- _Requirement_
Produce a faithful copy of every record below, without the pictures.

[Dataset — start]

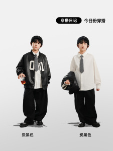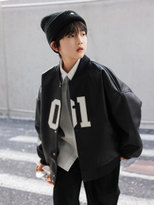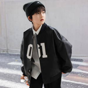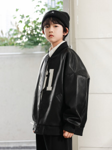 熊猫圆圆2025秋季新品中大童男童皮衣 儿童秋装外套防水夹克代发
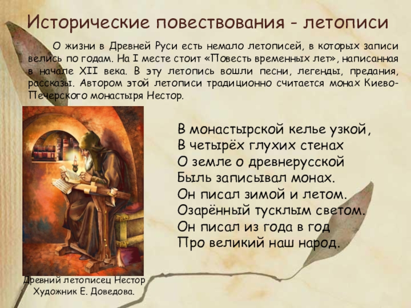О жизни в Древней Руси есть немало летописей, в которых записи велись по годам. На I месте стоит «Повесть временных лет», написанная в начале XII века. В эту летопись вошли песни, легенды, предания, рассказы. Автором этой летописи традиционно считается монах Киево-Печерского монастыря Нестор.
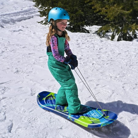 The Artikfun Premium foam snowboard sled was designed and for beginning riders wanting to train for standing. Adults can pull toddlers along snow trails while contoured molded deck grips keep a steady footing. The snowboard sled can also be ed as a sit-down or prone position sled. A tow rope with handle is included in a top-loading deck plug. Foam construction holds integrity in cold temperatures and does not shatter as plastic competitor sleds.
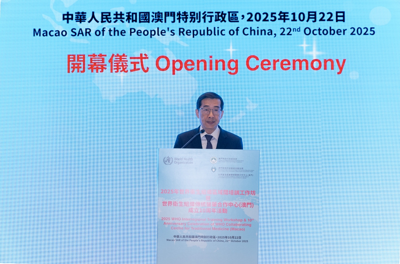 金承哲处长致辞时首先代表世卫感谢澳门特别行政区政府大力支持以及长期保持着友好的合作关系,并回顾了自2011年开启的合作历程,尤其世卫传统医药合作中心(澳门)成立10年以来所取得的丰硕成果,例如共同组织了16期区域间培训工作坊及16期本地培训工作坊,惠及全球逾3100名专业人士,显著提升了各国在传统医学领域的监管、质量及临床实践能力,该中心已发展成为连接世卫与全球在传统医学培训的重要桥梁。而是次开幕仪式后举行的工作坊正值《世卫全球传统医学战略2025–2034》发布之际,将聚焦分享各国传统医学的经验,尤其传统、补充和整合医学产品的质量与安全,对于落实下一个10年发展规划具重要意义。
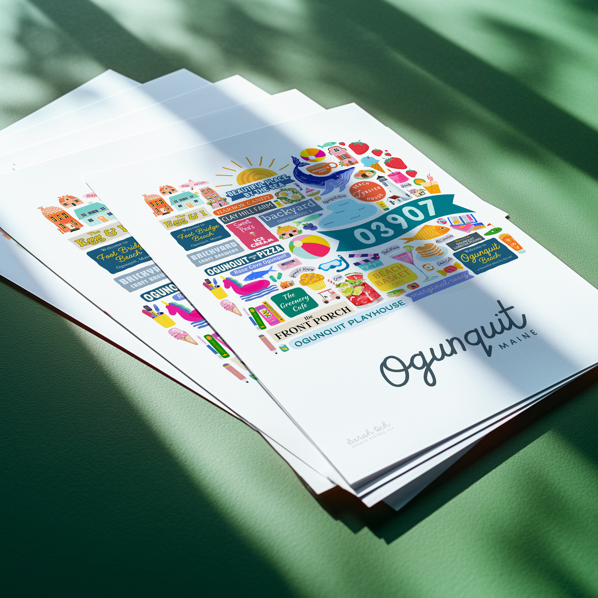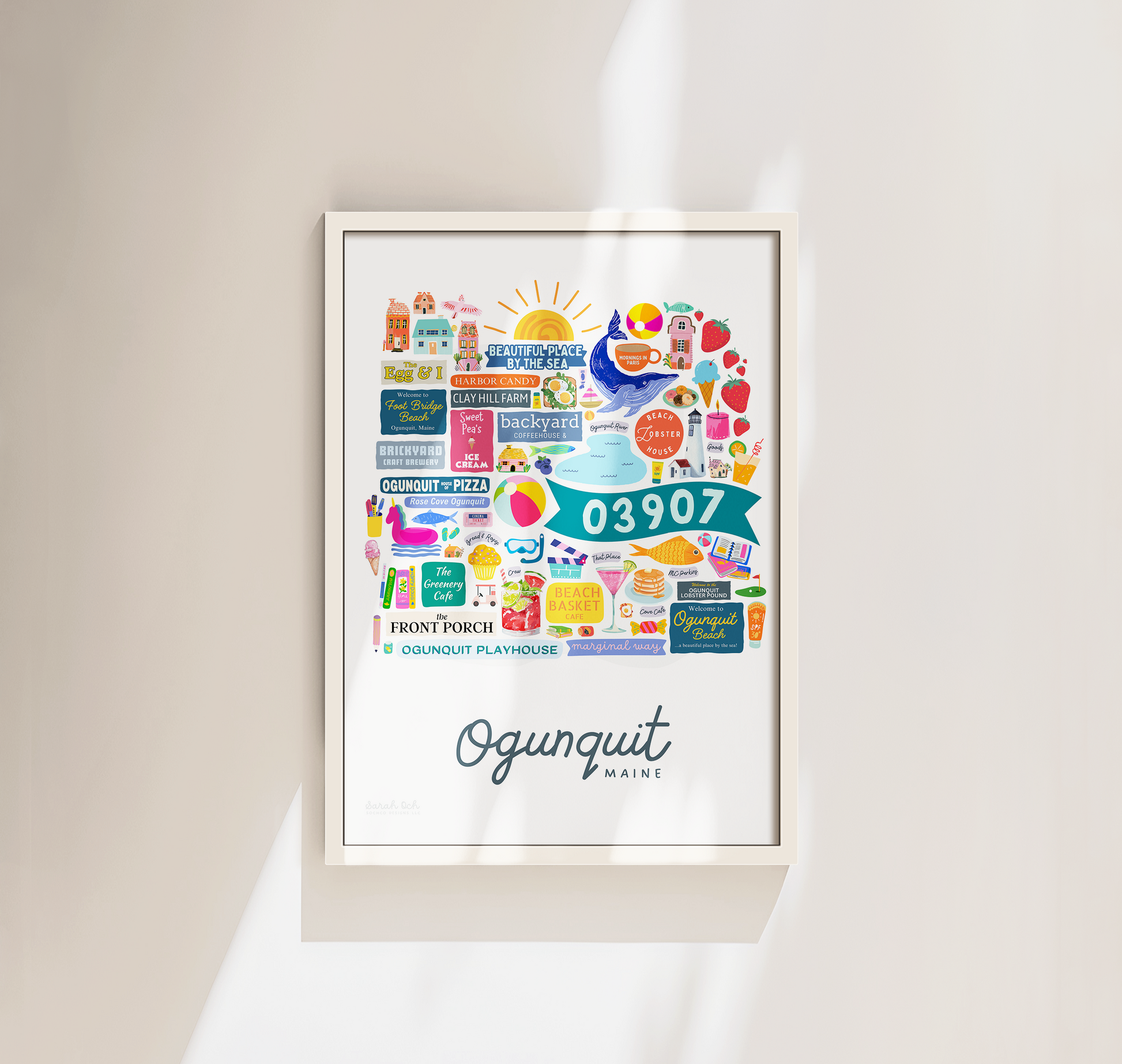 Colorful, custom-designed print featuring local attractions. All prints are printed on glossy photo paper. All framed prints come in a lightweight, white frame.
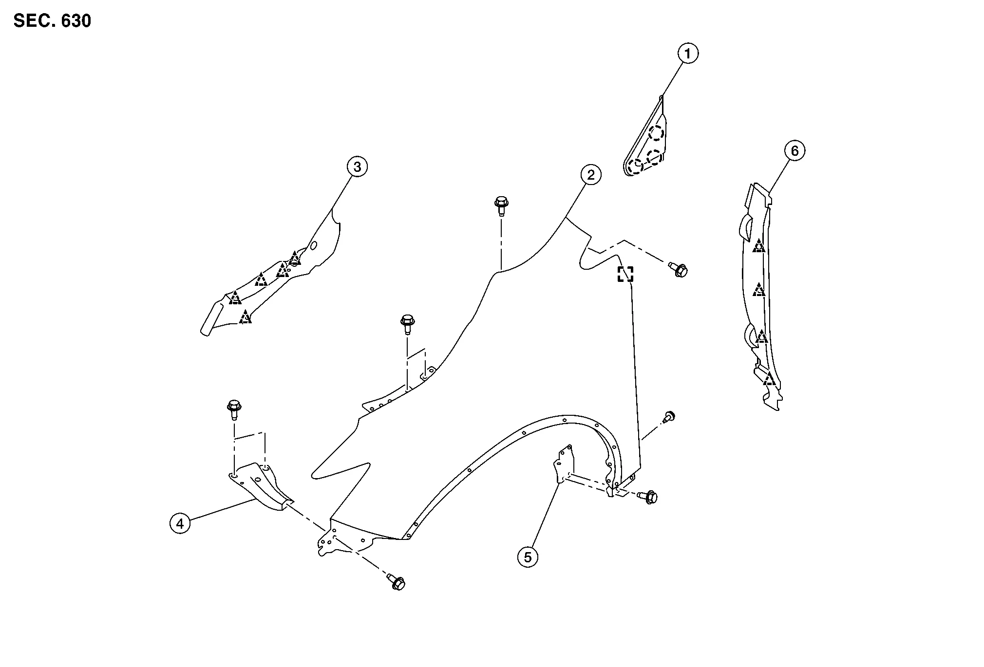 | 4. | Front fender front bracket | 5. | Front fender rear bracket | 6. | Front fender baffle |
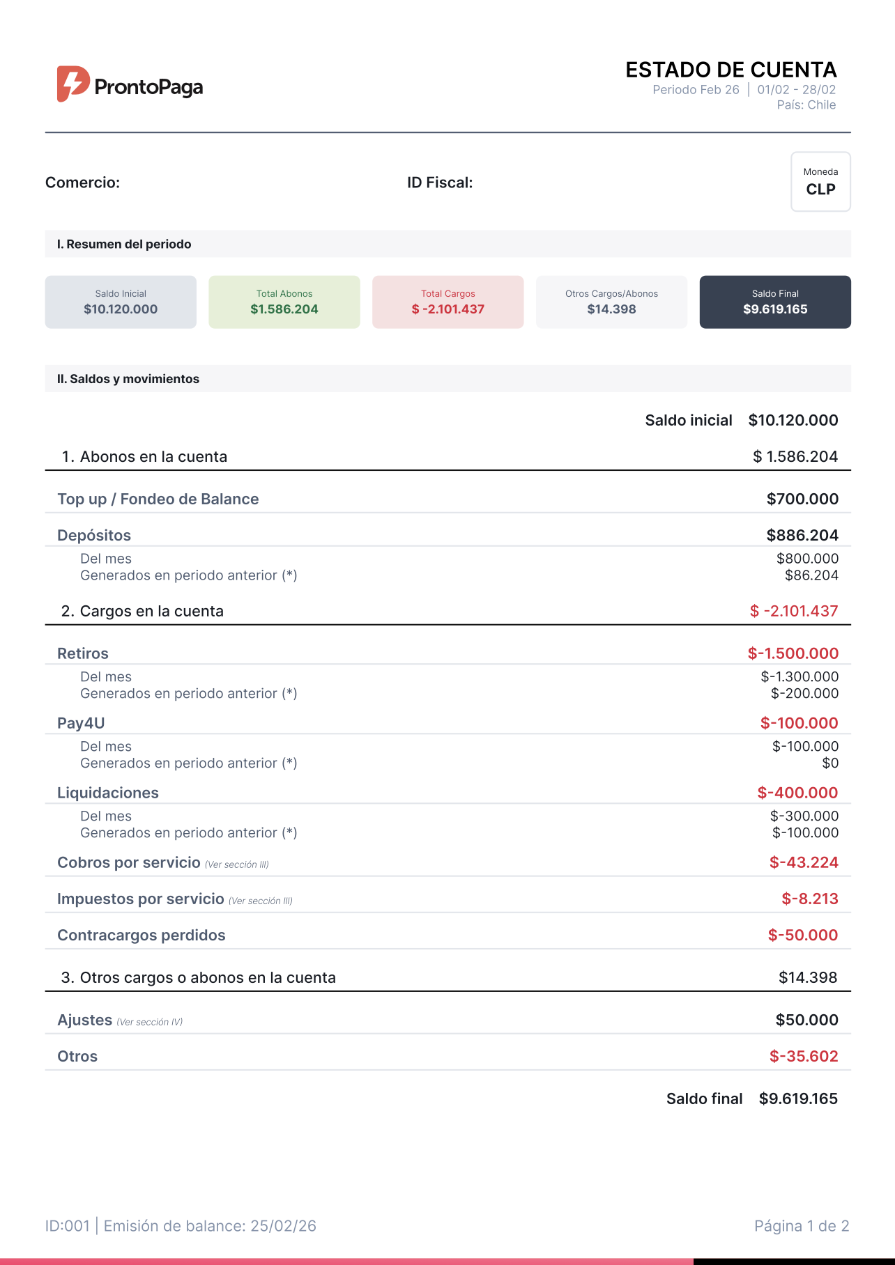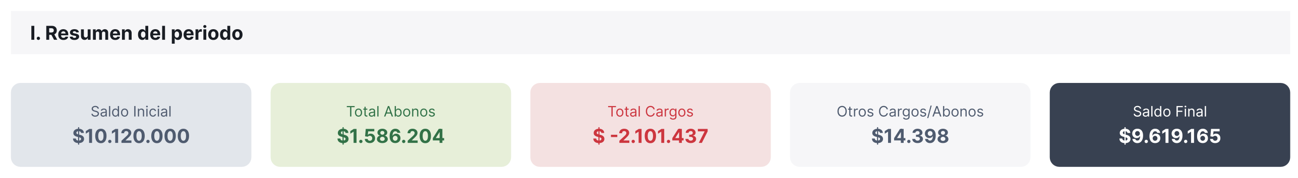 • Otros cargos/abonos: Ajustes u otros movimientos no operativos.

[Dataset — finish]

- _Task result_
 熊猫圆圆2025秋季新品中大童男童皮衣 儿童秋装外套防水夹克代发
О жизни в Древней Руси есть немало летописей, в которых записи велись по годам. На I месте стоит «Повесть временных лет», написанная в начале XII века. В эту летопись вошли песни, легенды, предания, рассказы. Автором этой летописи традиционно считается монах Киево-Печерского монастыря Нестор.
 The Artikfun Premium foam snowboard sled was designed and for beginning riders wanting to train for standing. Adults can pull toddlers along snow trails while contoured molded deck grips keep a steady footing. The snowboard sled can also be ed as a sit-down or prone position sled. A tow rope with handle is included in a top-loading deck plug. Foam construction holds integrity in cold temperatures and does not shatter as plastic competitor sleds.
 金承哲处长致辞时首先代表世卫感谢澳门特别行政区政府大力支持以及长期保持着友好的合作关系,并回顾了自2011年开启的合作历程,尤其世卫传统医药合作中心(澳门)成立10年以来所取得的丰硕成果,例如共同组织了16期区域间培训工作坊及16期本地培训工作坊,惠及全球逾3100名专业人士,显著提升了各国在传统医学领域的监管、质量及临床实践能力,该中心已发展成为连接世卫与全球在传统医学培训的重要桥梁。而是次开幕仪式后举行的工作坊正值《世卫全球传统医学战略2025–2034》发布之际,将聚焦分享各国传统医学的经验,尤其传统、补充和整合医学产品的质量与安全,对于落实下一个10年发展规划具重要意义。
 Colorful, custom-designed print featuring local attractions. All prints are printed on glossy photo paper. All framed prints come in a lightweight, white frame.
 | 4. | Front fender front bracket | 5. | Front fender rear bracket | 6. | Front fender baffle |
 • Otros cargos/abonos: Ajustes u otros movimientos no operativos.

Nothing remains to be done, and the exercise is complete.